We then compare these patterns to local air quality and wind forces. The map can provide real-time information and future predictions on pollution levels of an area or even of a single street where the air measurement stations are not available. Our goal is to help city planning endeavours and business environments explore their air quality by providing the best data and reports.
The importance of community and support
AI is also used to improve health outcomes, reduce stress, and for advancing treatments for disease. However, equally (or perhaps more) important to the actual application is the community that works together to help developers create the solutions. Take the gender-inclusive society Women in AI which raises awareness on gender diversity. These communities are central to any AI application designed to better society.
Of course, applications and communities cannot always devise social-impact-based AI solutions alone. Help is sometimes needed. That’s where concepts like AI for good, a university innovation department in Scandinavia comes into play, providing grants for research and guidance. Sweden went a step further, creating AI Sweden which establishes partnerships between smaller companies working in AI and corporates, all in the name of benefiting society.
At the end of the day, the question is not whether AI can benefit society, it’s how soon can we get started and how do it as safely as possible.
*Tegmark, Max (2017). Life 3.0 : being human in the age of artificial intelligence (First ed.). New York: Knopf. ISBN 9781101946596. OCLC 973137375.
** UBI was initially introduced in Spain as a COVID-19 measure but is now being debated for its long-term merits in society as a means of redistributing both wealth and that most important of resources; time.

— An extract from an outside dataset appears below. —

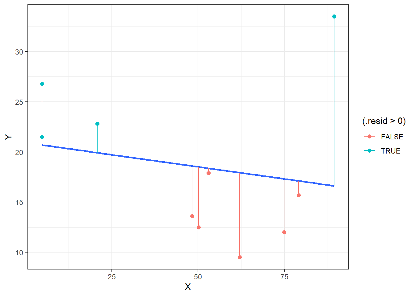 \[e = Y - \hat{Y} = 33.5 - 16.3 = 17.2\]

Andrés Chamorro is the Business Development Manager for Spain for BothOfUs. Whilst relatively new to the team he is an expert in political science and extremely motivated and dedicated to social impact.
I think the main issue is, as always, that AI is suppose to be a tool. When we use it as such, we can make tremendous progress. When we abdicate the use of the tool for the ‘fun of the tool’, as in how far can we take this, we have lost the ethical high ground. Our social enterprise is using machine learning (part of AI) in our work to do predictive analyses. Why? Because when we improve decision-making in the non-profit sector, we become more efficient at mundane, time-consuming tasks (think unsuccessful grant proposals) allowing more time to do the important human work – connection, service, solution-finding. AI (and ML) makes that possible.